The suspects are crossed off the list very easily. In The Mystery of the Pantomime Cat there was a lot of emphasis placed on alibis. Fatty went to great pains to prove that a suspect was where he says he was at the time of the robbery by checking alibis. But in this mystery, the interviews seem a little half-hearted—and the "nice suspects" are automatically crossed off for no reason other than they're nice. As usual the "bad" person is the culprit, so no surprise there. Strangely, when the thief is finally apprehended, no mention whatsoever is made of the accomplice. Maybe it's not important.
There's a really interesting section where Mr Goon pays a boy to steal Buster and lock him Mr Goon's shed, and pretend that he caught the dog chasing sheep. This is despicable behavior for a policeman (or anyone) and Goon rightly gets what he deserves when he brings Fatty's father down to the police station to "show him the dog they caught." Just before they arrive, Fatty cleverly rescues Buster and replaces him with Mr Goon's cat. Mr Trotteville is not impressed with the flat-footed policeman.
Enid Blyton often "talks her action"—that is, letting the kids' dialogue explain something that's happening, like "Pip, turn the coat inside out—that's right. Now see if there are any hidden pockets. There are? Good." It works for the most part, and certainly saves room! But sometimes I think Blyton forgets to pace herself. There's a scene where the Find-Outers meet up "somewhere on the way to Hollies." Larry is going to the Hollies in Holly Lane to find the leather he'd left behind. Three short lines of dialogue later they arrive, with "Look—isn't that the place, Larry—that little bungalow there?" Three short lines of dialogue can't be more than twenty paces, which means they were there already. ;-)
Ooh, I have to mention Larry's whining! He thinks Fatty's idea of "being a window cleaner for a day" is rather silly, and he says so. But he does it anyway, and forgets his leather. Then his mother starts looking for it, and Larry complains again that it really was a silly idea of Fatty's, this window-cleaning lark. Fatty offers to go find it, but can't, and trouble brews. Larry complains again. Then Mr Goon produces the leather, which is a "vital clue" to the robbery. "Well, we're in an awful fix now," said Larry, "and really I can't help saying again, Fatty, that it was a most idiotic idea of yours to tell me to go and clean windows." All right, all right, Larry! Shut up! Poor Fatty takes it on the chin like a man each time, but it was Larry's own stupid fault he left it behind in the first place! If I were Fatty I'd be saying, "Look, pal—nobody twisted your arm to clean the windows, and it wasn't me who left the leather behind. So get over it."
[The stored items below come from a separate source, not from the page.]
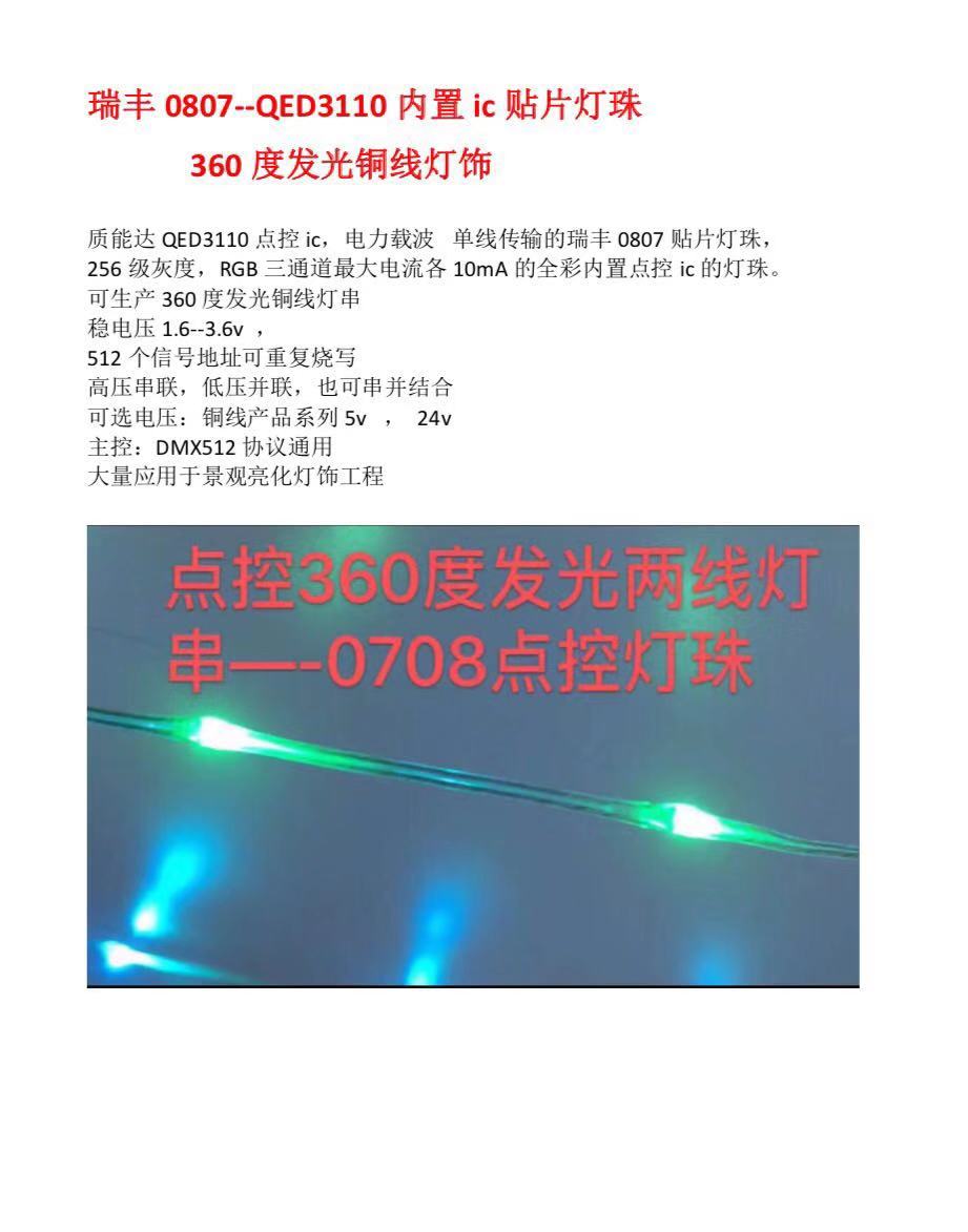 三: QED3110内置ic的各款灯珠,高压串联,低压并联,也可串并结合。直插灯珠产品电压5v,24,36v,66v目前有成熟控制器及电源,大量用于树灯,窗帘灯,网灯,及圣诞系列终端灯饰产品。
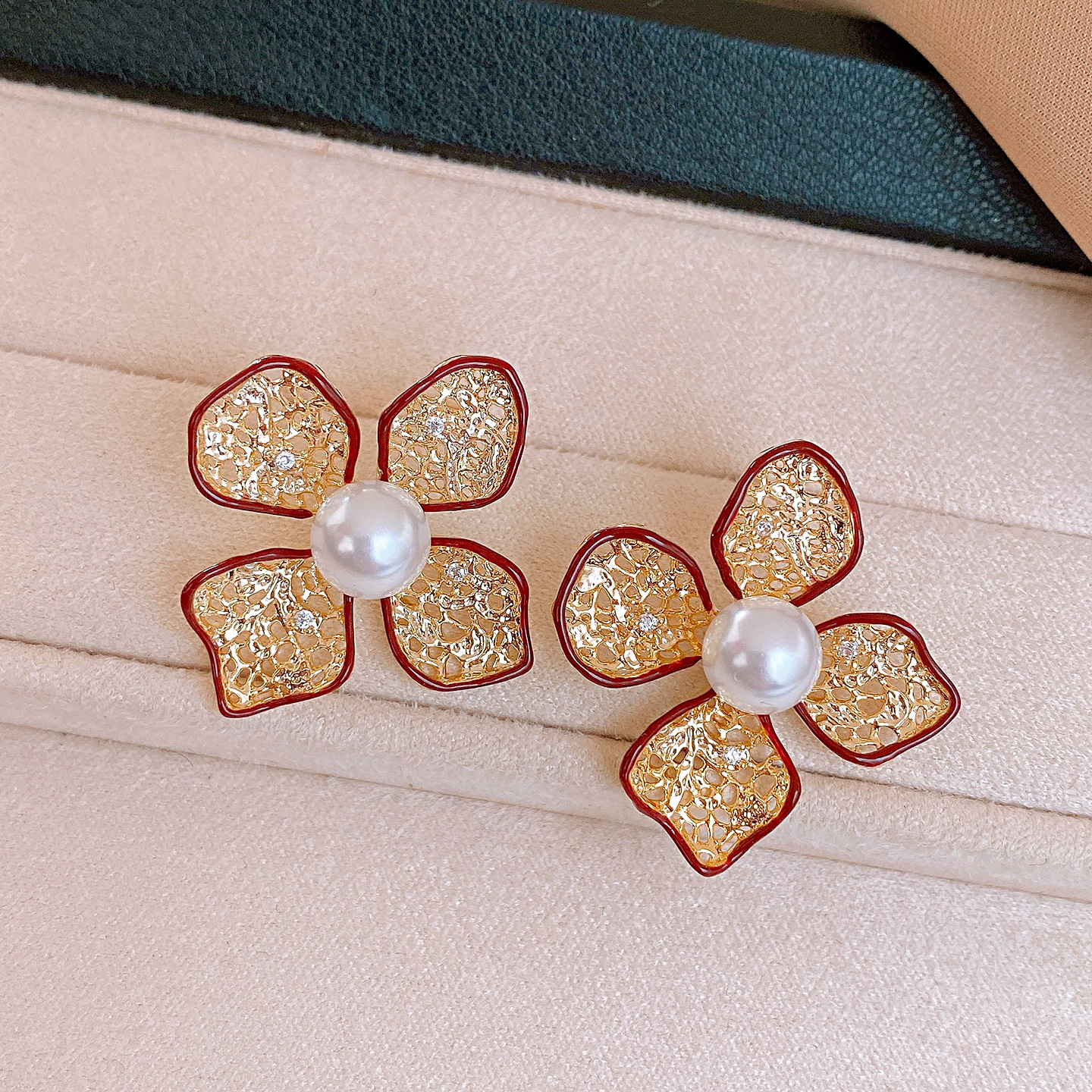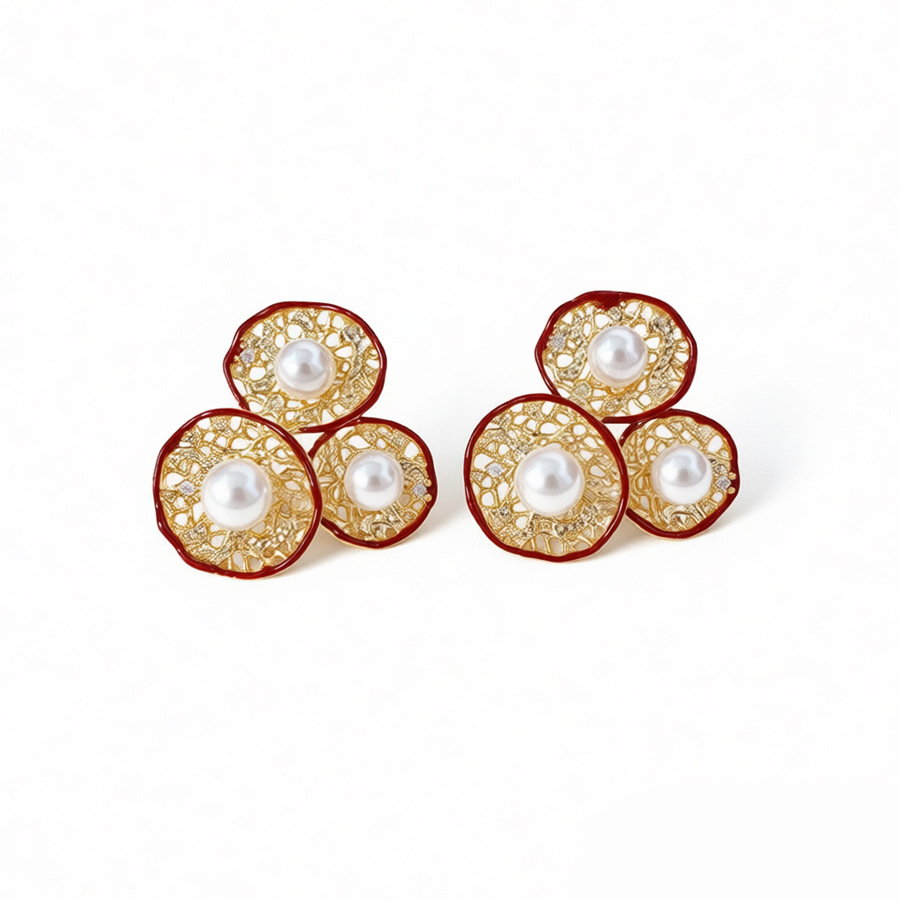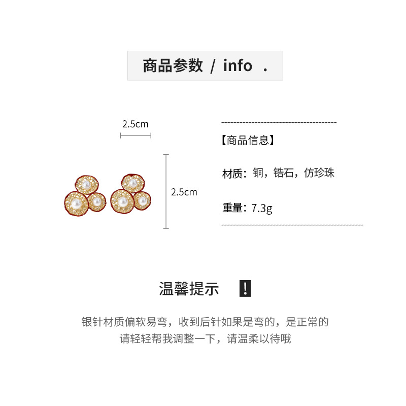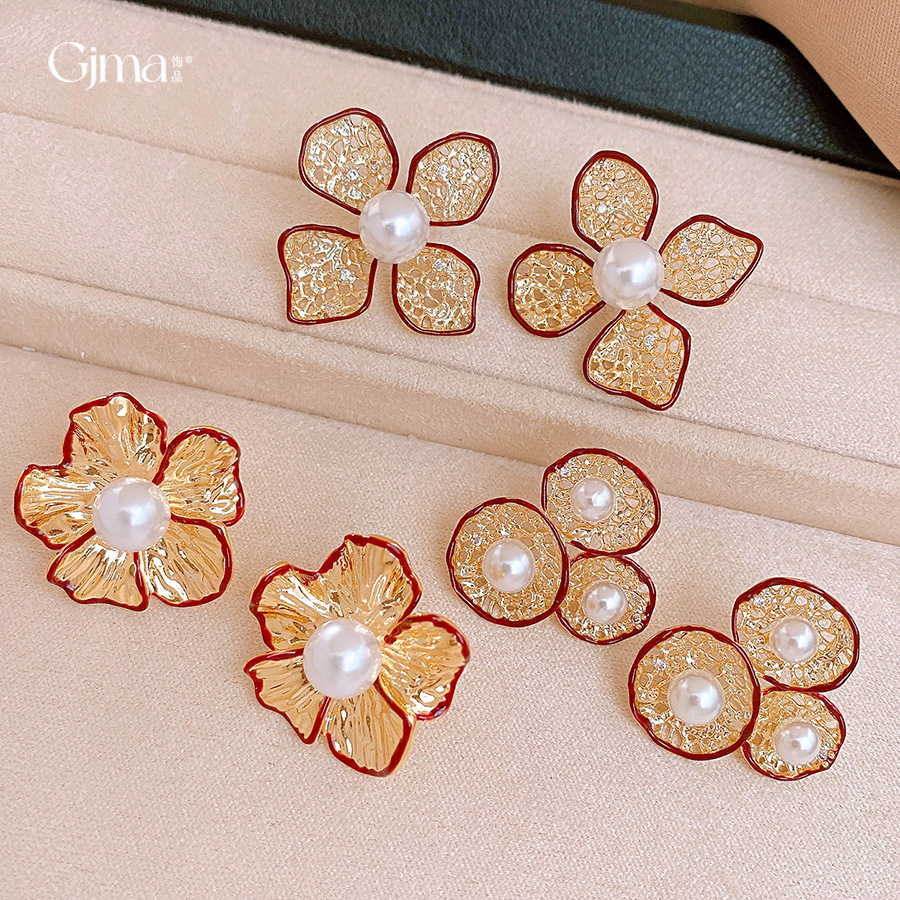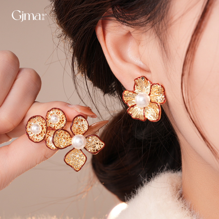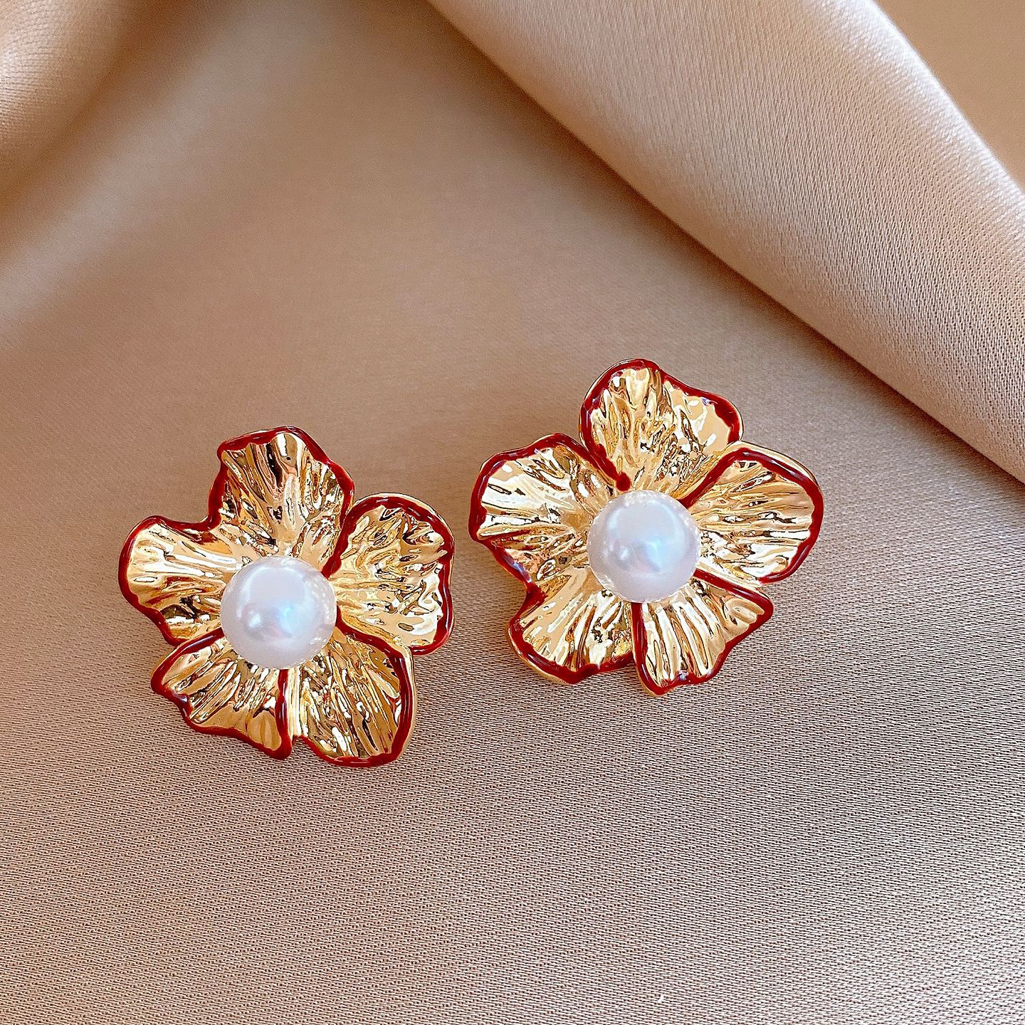 silver needle-golden-red-flower (real gold plating)
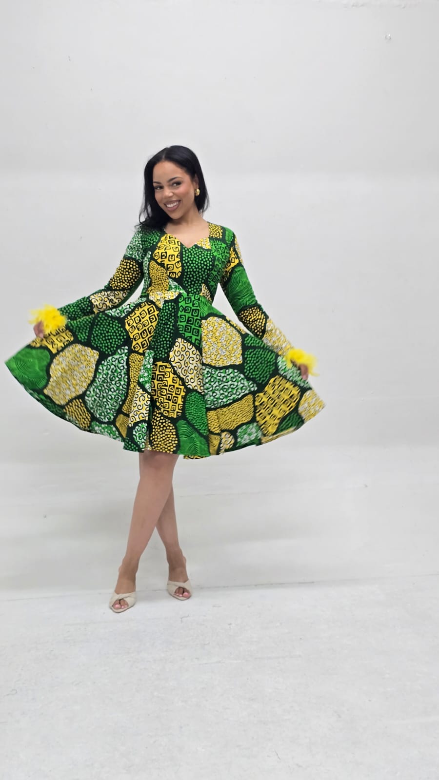 Elevate your wardrobe with the Green & Yellow Chloe dress. This stunning piece features a vibrant electric green and yellow colour palette, accented with faux feather trimmings on the sleeves. The demure long sleeves and pocket add practicality to this semi-casual dress, making it a versatile and sophisticated choice for any occasion.
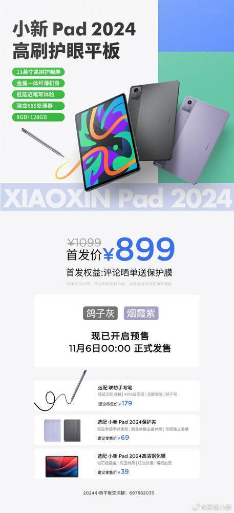 【CNMO新闻】11月6日,CNMO从联想小新官方了解到,联想小新Pad 2024烟灰紫配色明日正式开售,作为一款入门级平板,新机提供8GB+128GB版本,首发价899元。
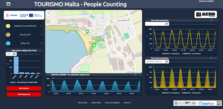 The dashboard TOURISMO Malta – People Counting, which contains data from sniffer devices, is divided in three main areas:

Enid Blyton makes a gaff in this one. Towards the end of the second-to-last chapter, Pip comments on how he's going to get into awful trouble for being out so late. Larry agrees and says, "You're lucky, Fatty, your parents never seem to mind." Fatty replies, "I'm older than you are, and wiser." Arrghh! While Fatty certainly is a lot wiser, he is in fact a year younger. And speaking of gaffs, I got a little irritated by a plethora of punctuation errors in the latter half of this book. Maybe the copyeditors got fed up with it and just skimmed over the rest.
Overall, this is not a bad read, and in places is really excellent—but towards the end it's a bit of an anti-climax. No twists, and no particularly clever detective work. But at least Chief Inspector Jenks is now a Superintendent!